((

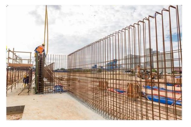
Administration building retaining wall
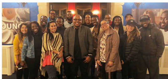
▲ Quest Young Adults gather outside the new Q Lounge at the East Campus during an evening of fun, fellowship, and real-talk discussions on how they can effectively lead and serve within their own generation.

New Jersey! At both campuses, students met snakes both small and very large, a baby alligator, a chinchilla, tarantula, and many more amazing creatures while connecting them to a personal, creative God. Likewise, during our Mad Science experience, our students gained an appreciation for science through some crazy experiments including dry ice, fire, and even wind—but they also learned that God is the creator of the science we learn about and see every day in our lives!
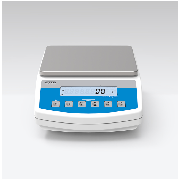
The drawings, photos and graphics used are for illustrative purposes only.
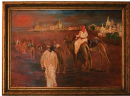
«Camel Caravan» Dubai 2008 - Oil on canvas (100x140cm)
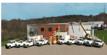
Sales & Service Facility 1565 Broadway Rd. Hermitage, PA

To become an extension of our customers' management team in the area of Cranes/ Overhead Material Handling Systems, providing premium products and quality service.
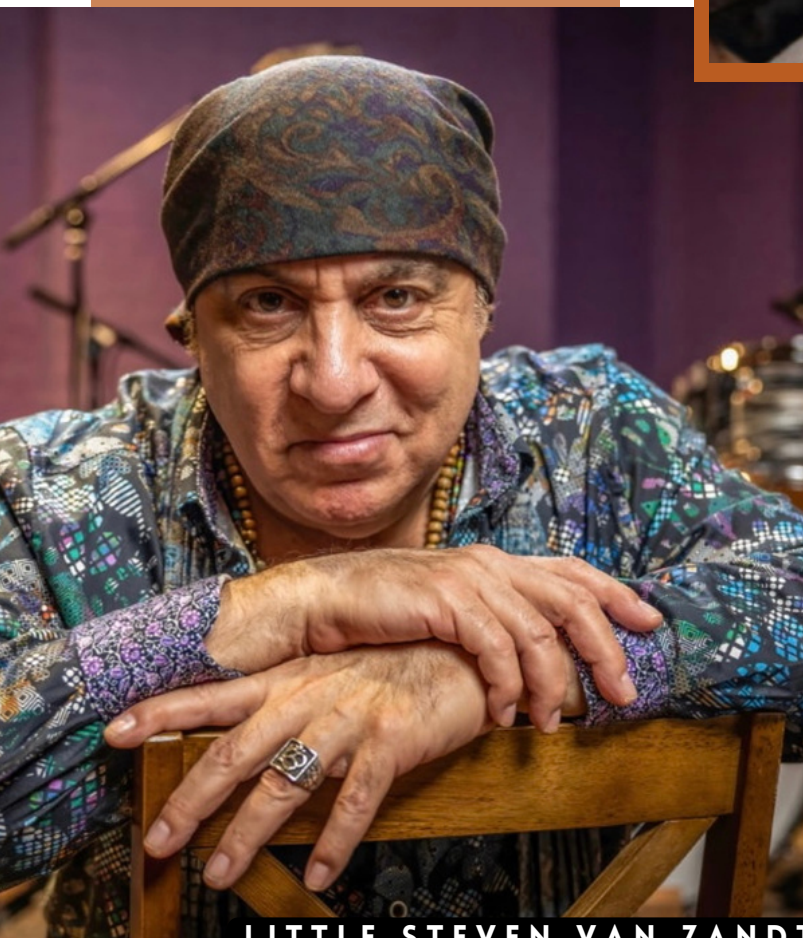
LITTLE STEVEN VAN ZANDT

We love deep dives with industry leaders, policy giants and influential luminaries shaping our culture. Drawing our listeners into the conversations, turning them on to new concepts and products and piquing their curiosity is what fuels the creative process of Planted. As policy works, cultivating voter engagement is also an important goal, as is approaching cannabis through a bipartisan lens.
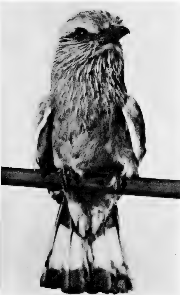
ROLLER-BIRD OR "BLUE JAY"
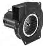
FIG. G A148
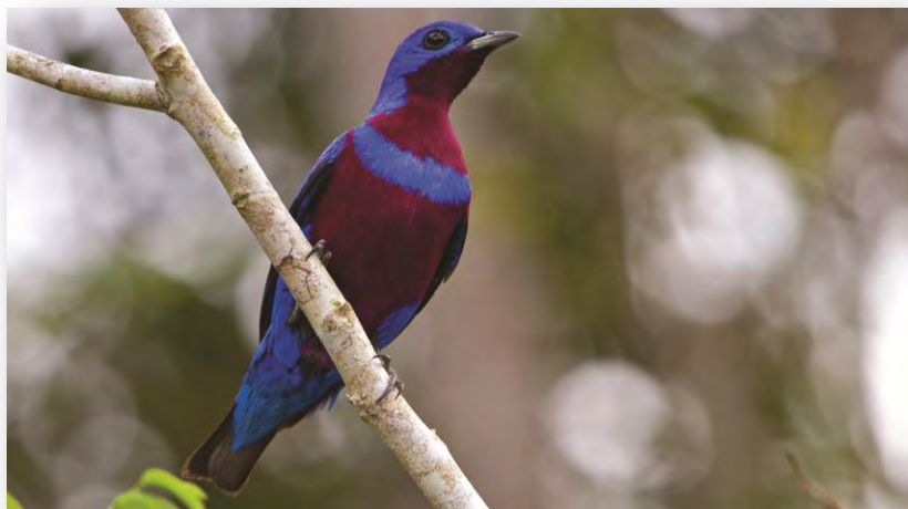
Banded Cotinga
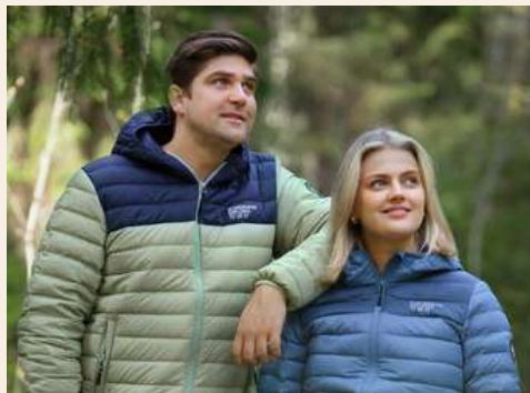
SCANDINAVIAN EXPLORER 71° 10' 21"
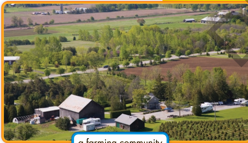
a farming community
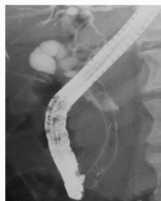
Figure 5: We successfully performed double layer metallic stent placement.

(1/100, 1%) ( P=0.104 ). In addition, stent migration was seen in only FCSEMS group (6.1% vs 0%, P=0.011 ).
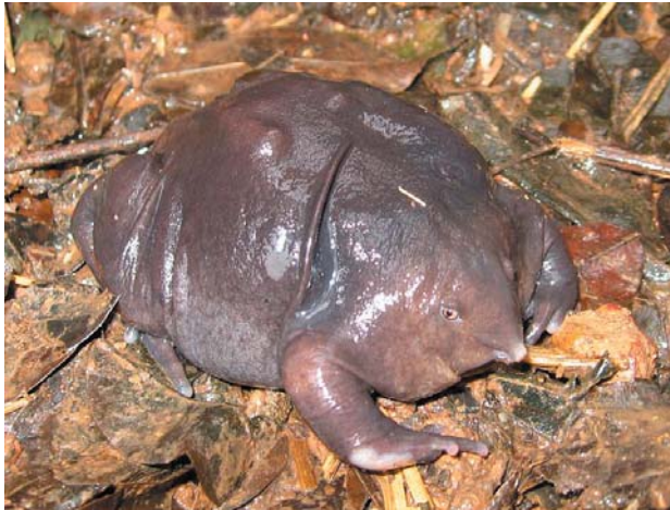
Fig. 33. Nasikabatrachus sahyadrensis .

established themselves and their tadpoles have a stream morphology (thin and stream-lined) designed for fast flowing streams (Amphibiaweb 2013). Other characters include knob-like snout, rigid upper jaw, flap-like lower jaw which forms a grooved opening for tongue, no maxillary teeth, small eyes, single subgular vocal sac in males, no tympanum, little webbing in hands, round toes in feet with three-quarters webbing, horizontal pupils, strongly ossified skull, paired frontoparietals and palatines, eight procoelous presacral vertebrae, and pseudoarciferal pectoral girdle (Amphibiaweb 2013; Vitt and Caldwell 2009, p. 445).

))

Once the line with "Fig. 33. Nasikabatrachus sahyadrensis ." is found, transcribe it and each line after it through the final line of the entries, exactly and only.

Fig. 33. Nasikabatrachus sahyadrensis .

established themselves and their tadpoles have a stream morphology (thin and stream-lined) designed for fast flowing streams (Amphibiaweb 2013). Other characters include knob-like snout, rigid upper jaw, flap-like lower jaw which forms a grooved opening for tongue, no maxillary teeth, small eyes, single subgular vocal sac in males, no tympanum, little webbing in hands, round toes in feet with three-quarters webbing, horizontal pupils, strongly ossified skull, paired frontoparietals and palatines, eight procoelous presacral vertebrae, and pseudoarciferal pectoral girdle (Amphibiaweb 2013; Vitt and Caldwell 2009, p. 445).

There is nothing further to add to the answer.